Big surprises in the No Surprises Act | McAfee and Taft

In one of the federal government’s biggest attempts to combat surprise medical billing, Congress passed the No Surprises Act (NSA) in late 2020, which imposes a host of new transparency and coverage requirements for health plans. employer-sponsored group health. Many of the most significant coverage changes were scheduled to be implemented on January 1, 2022, for most plans.

There are two main surprise billing situations regulated by the NSA. With the first, a participant goes to a facility in the network, but one of the treating providers, such as the anesthetist, is out of the network. After the NSA, participants are only liable for in-network cost-sharing amounts (co-pay, coinsurance) to the out-of-network provider, and the payments count towards the in-network deductible. An exception exists for certain “non-ancillary services” in which, only after the participant has been notified and consented to the out-of-network prize, he or she may receive a balance bill.

Second, although not a completely new requirement, group health plans must impose in-network cost sharing when plan members travel to an out-of-network emergency room for services. emergency.

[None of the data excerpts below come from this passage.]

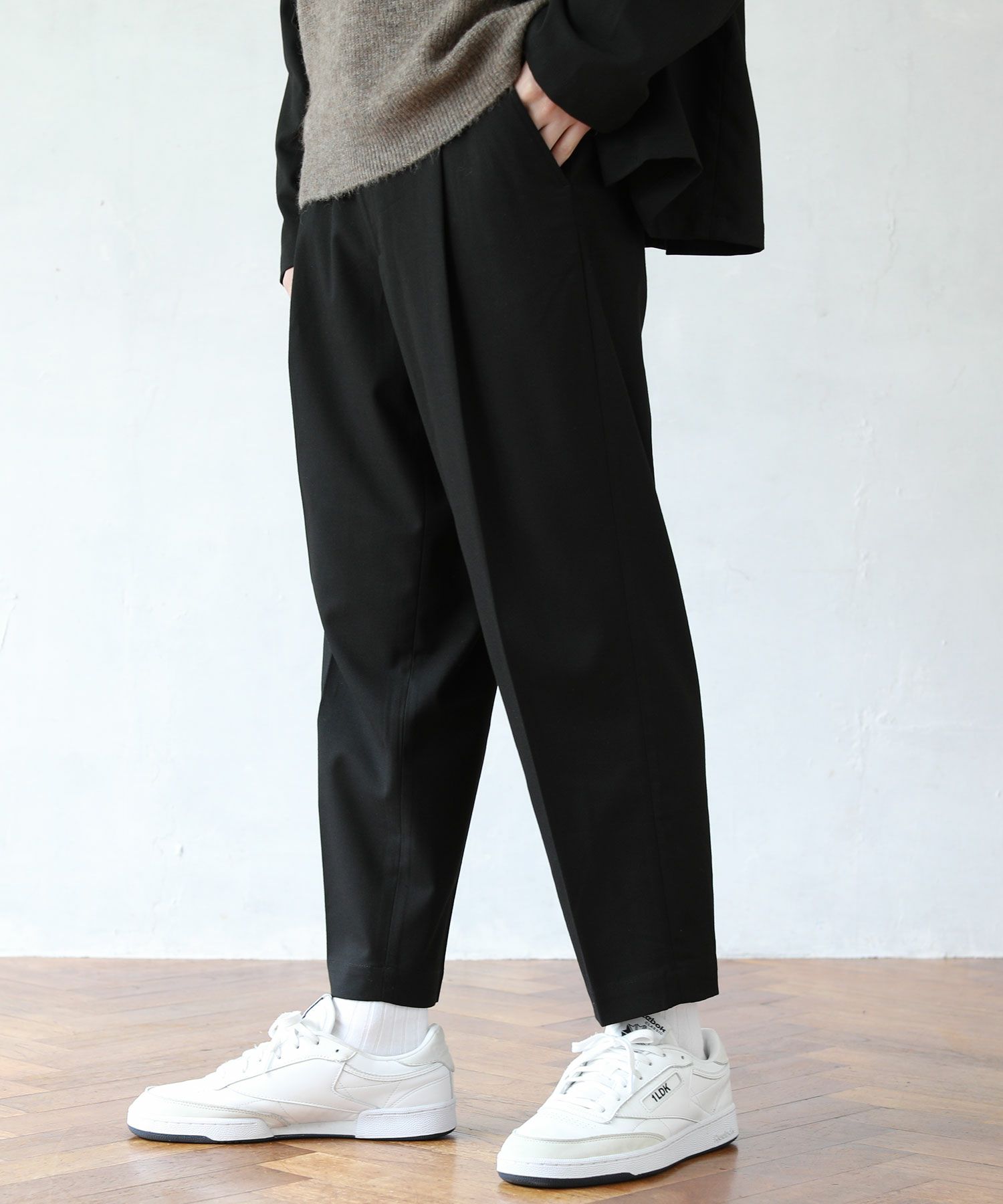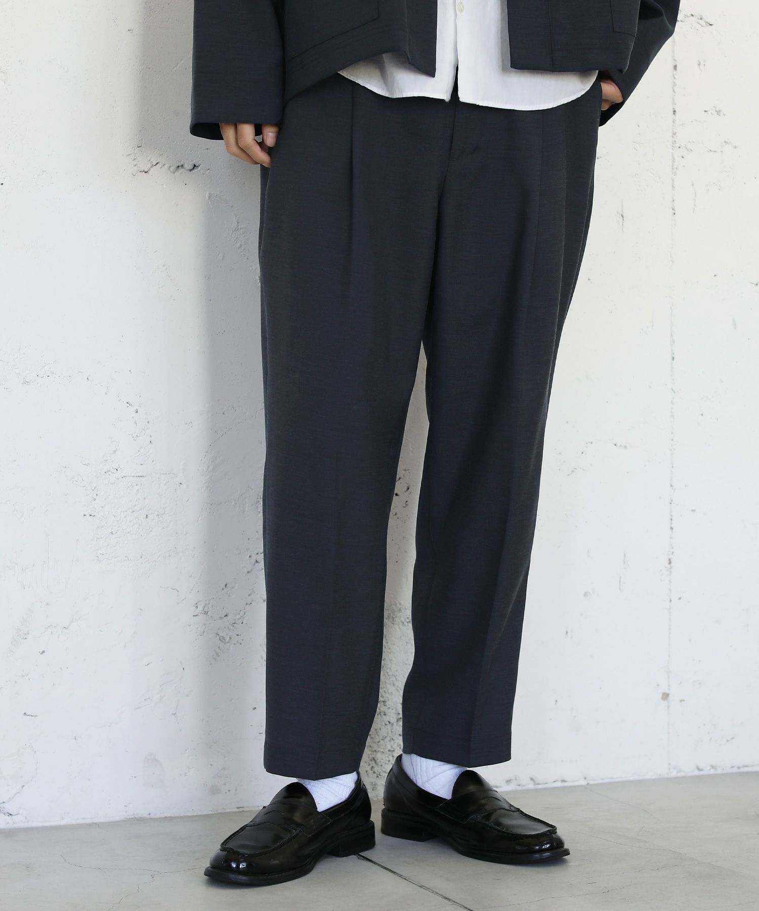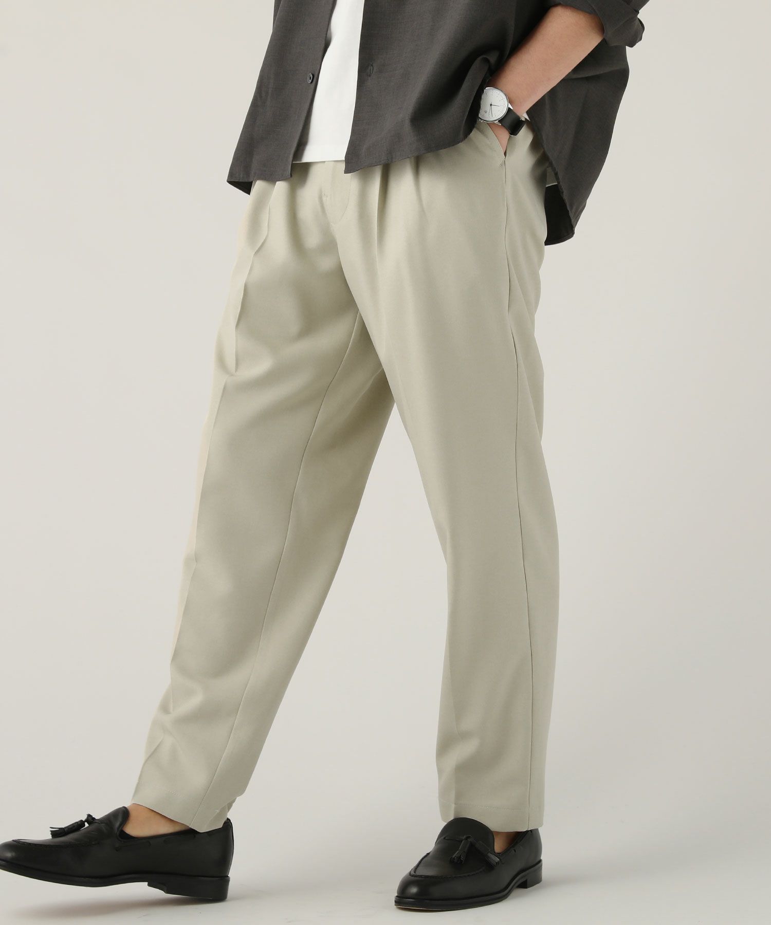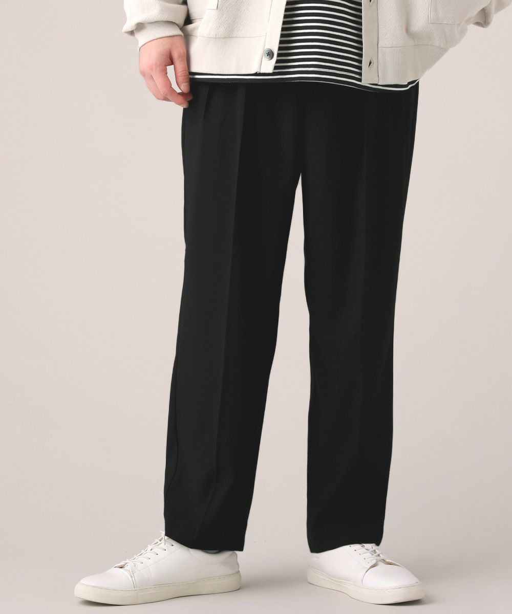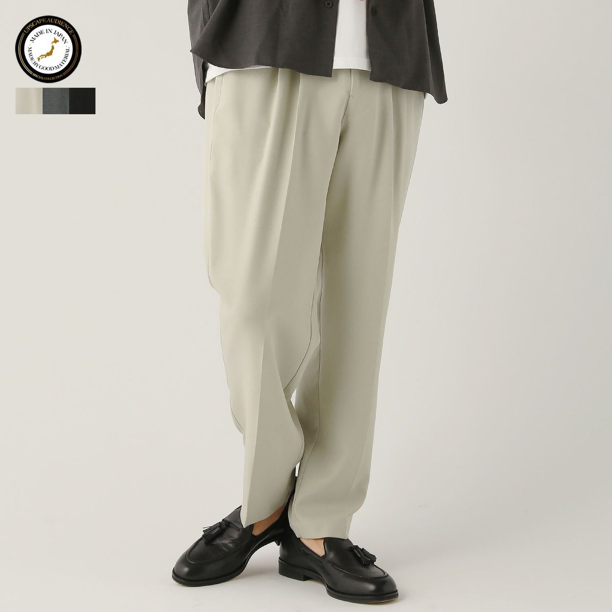 他の画像を見る Upscape Audience 日本製LANATEC(ラナテック)LEI(レイ)ポリエステルウールライクカルゼ2タック イージー テーパードパンツ 通常販売価格 ¥ 14,300 のところ ¥ 8,580 税込 カートに入れる お気に入りに登録する
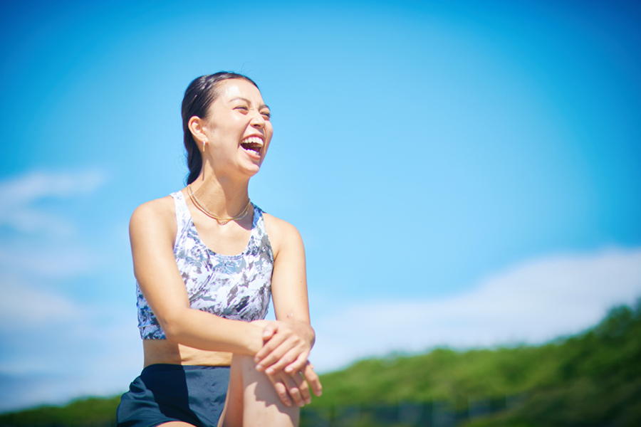 ピラティスのときにもしっかりカラダにフィットしてくれているので、どんなポーズも安心してとることができます。最近は、波をチェックしながらランニングをしているんです。私はこれを「波ラン」と呼んでいます(笑)。そのときにもSpeedo「GetFIT」を着用しています。いい波を発見したら、すかさず海へ!水陸両用だから着替える必要もないし、また波ランに戻ることもできていいですよね。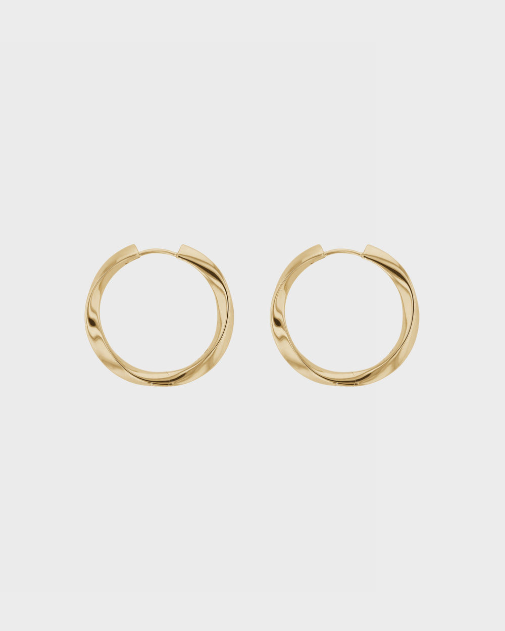 Exploring the silhouette of Australian pipi shells in extruded form, the Twisted Pipi Hoops are an elevated pair of architectural hoops. Suitable for healed piercings only.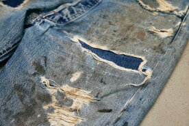 前置きはほどほどに、洋服を永く愛用するというテーマの中でも今回フォーカスするデニムは、時代を超えて愛され、着用者のライフスタイルが如実に現れる特別なアイテムだ。ワークウエアを出自とする生地のタフさはもちろん、独特な色落ち、ヒゲやハチノスなどのアタリといった着用を重ねるごとに刻まれていく“しるし”もその魅力。もはや「着用者」と「洋服」といった淡白な関係では片付けられないアイテムだ。そんなデニムの破れた箇所を修繕したり、メインテナンスを加えることは、その1本のデニムと本当の意味で向き合うことでもある。
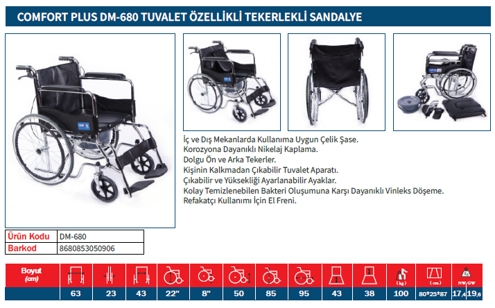 Comfort Plus DM-680 Tuvalet Özellikli Tekerlekli Sandalye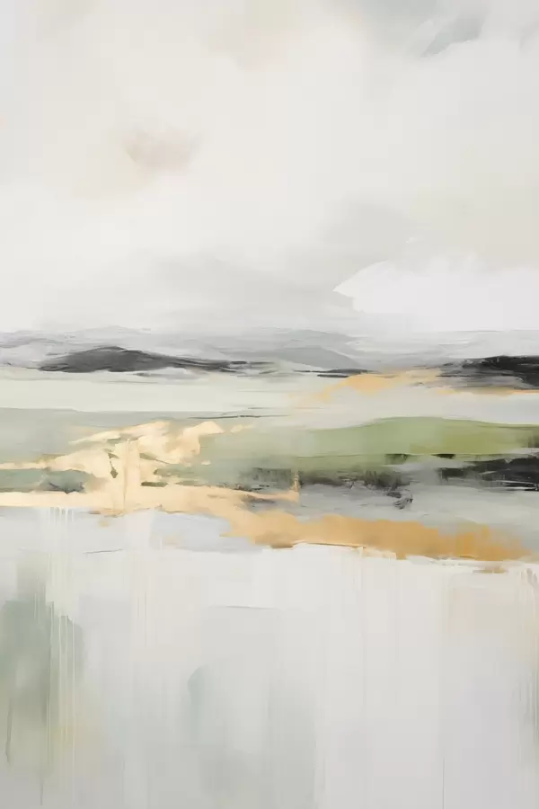 Poster Abstract landschap met gele accenten, een minimalistische compositie van land, water en lucht, met gedempte kleuren f46269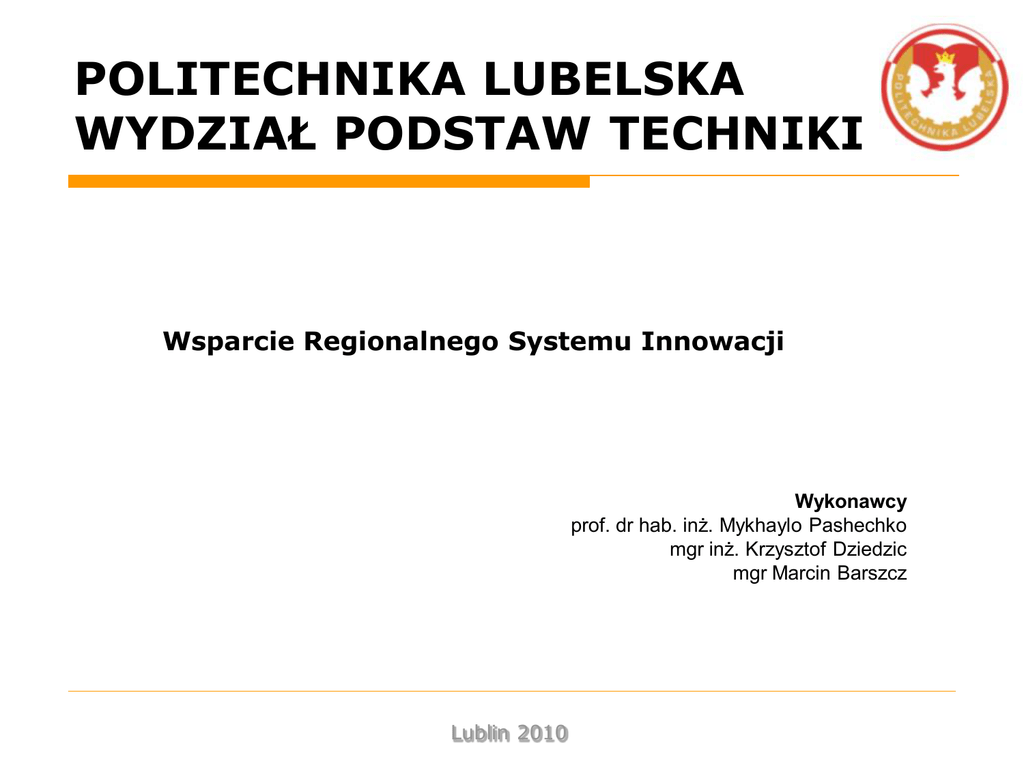 POLITECHNIKA LUBELSKA WYDZIAŁ PODSTAW TECHNIKI Wsparcie Regionalnego Systemu Innowacji Wykonawcy prof. dr hab. inż. Mykhaylo Pashechko mgr inż. Krzysztof Dziedzic mgr Marcin Barszcz Lublin 2010 Tematyka badawcza 1. 2. 3. 4. 5. Otrzymywanie stopów eutektycznych układu Fe-Mn-C-B stopowanych krzemem, niklem, chromem, wolframem Dobór składu stopiwa eutektycznego przy wytwarzaniu elektrod oraz drutów proszkowych Opracowanie technologii napawania powłok na części maszyn pracujących w warunkach zużycia ściernego Badania intensywności zużywania powłok eutektycznych Badania zjawisk fizyko-chemicznych zachodzących na powierzchni tarcia Lublin 2010 2 Problem badawczy Podwyższenie trwałości noży wykorzystywanych w urządzeniach do rozdrabniania opon poprzez opracowanie nowej technologii napawania przy zastosowaniu opracowanych stopów eutektycznych 1. Projekt nr 85 - Opracowanie technologii nanoszenia powłok na powierzchnie robocze noży z wykorzystaniem jednego składu elektrod proszkowych ze stopiwem eutektycznym układu Fe-Mn-C-B-Si-Ni-Cr 2. Projekt nr 87 - Badanie odporności na zużycie powłoki o jednym składzie chemicznym (bez optymalizacji) otrzymanych metodą napawania ze stopów eutektycznych układy Fe-Mn-C-B-Si-Ni-Cr stopowanych wolframem w celu zamiany elektrod produkowanych w Niemczech. Lublin 2010 3 Nóż do rozdrabniania opon Elektrody proszkowe o stopiwie eutektycznym otrzymanym na podstawie układu Fe-Mn-C-B stopowanym krzemem, niklem, chromem oraz wolframem Widok noża wykorzystywanego w urządzeniu do rozdrabniania opon z powłoką otrzymaną ze stopu eutektycznego. Lublin 2010 4 Podsumowanie Efektem końcowym jest: 1. Podwyższenie trwałości noży wykorzystywanych w urządzeniach do rozdrabiania opon poprzez opracowanie nowej technologii napawania przy zastosowaniu opracowanych elektrod proszkowych o stopiwie eutektycznym. 2. Czas pracy noży do rozdrabniania opon wzrósł z 4 do 8 dni. Lublin 2010 5 Dziękuję za uwagę prof. dr hab. inż. Mykhaylo Pashechko Politechnika Lubelska, Wydział Podstaw Techniki Adres: ul. Nadbystrzycka 38, 20-618 Lublin Telefon (081) 538-46-73 Email: [email protected] Lublin 2010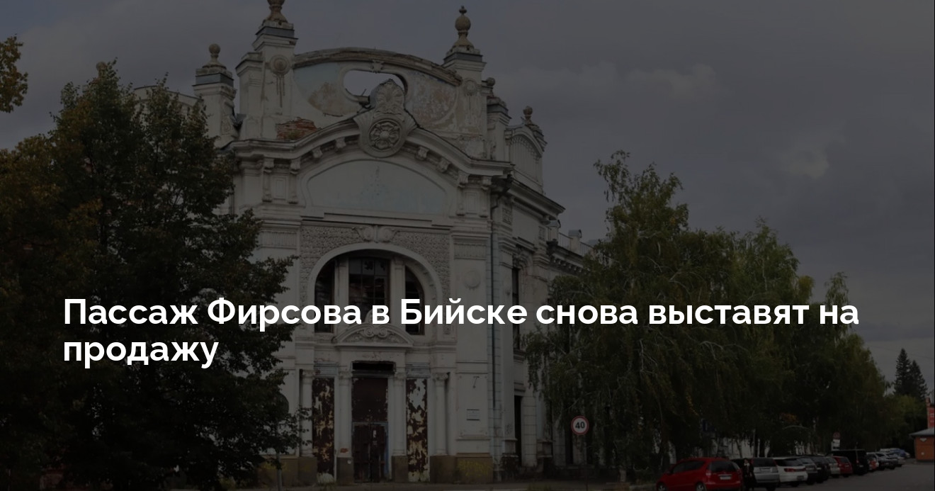 Стоит отметить, что пассаж Фирсова уже продавался частным лицам. В 2015 году победителем тендера стал бийский предприниматель Дмитрий Калинин, который предложил за объект почти 1,5 миллиона рублей. Вместе с партнером Александром Казаковым он планировал начать реставрацию с возведения кровли. На реализацию проекта предпринимателям выделили семь лет. Однако в 2018 году они вернули объект муниципалитету, сославшись на нехватку времени и средств для восстановления.

Although this has been the rule for emergency rooms connected to a hospital since the Affordable Care Act, the NSA extends these requirements to independent, self-contained emergency rooms if they are licensed as such by the state.

When in-network cost-share rates are required for an out-of-network provider, the cost-share is usually based on the “eligible payment amount” (QPA) and not the amount actually charged. The QPA is a complex formula – basically the average rate in the network for the plan or its third-party administrator.

However, the APQ only determines the amount that the participant must pay. For the plan’s share of the bill, the NSA is imposing a new mandatory Independent Dispute Resolution (IDR) process. If the provider and the plan are unable to agree on a price for the service through voluntary negotiations, either party may initiate the IDR process. A government-approved IDR entity arbitrates the dispute. Both parties submit evidence and a price that each believes is the appropriate payment. The IDR entity is then required to choose one of the payment proposals, usually the one that comes closest to the QPA.

Remember: Employers should work with their health plan service providers to ensure that these requirements have been operationally implemented in a timely manner and that the plan document will be amended accordingly.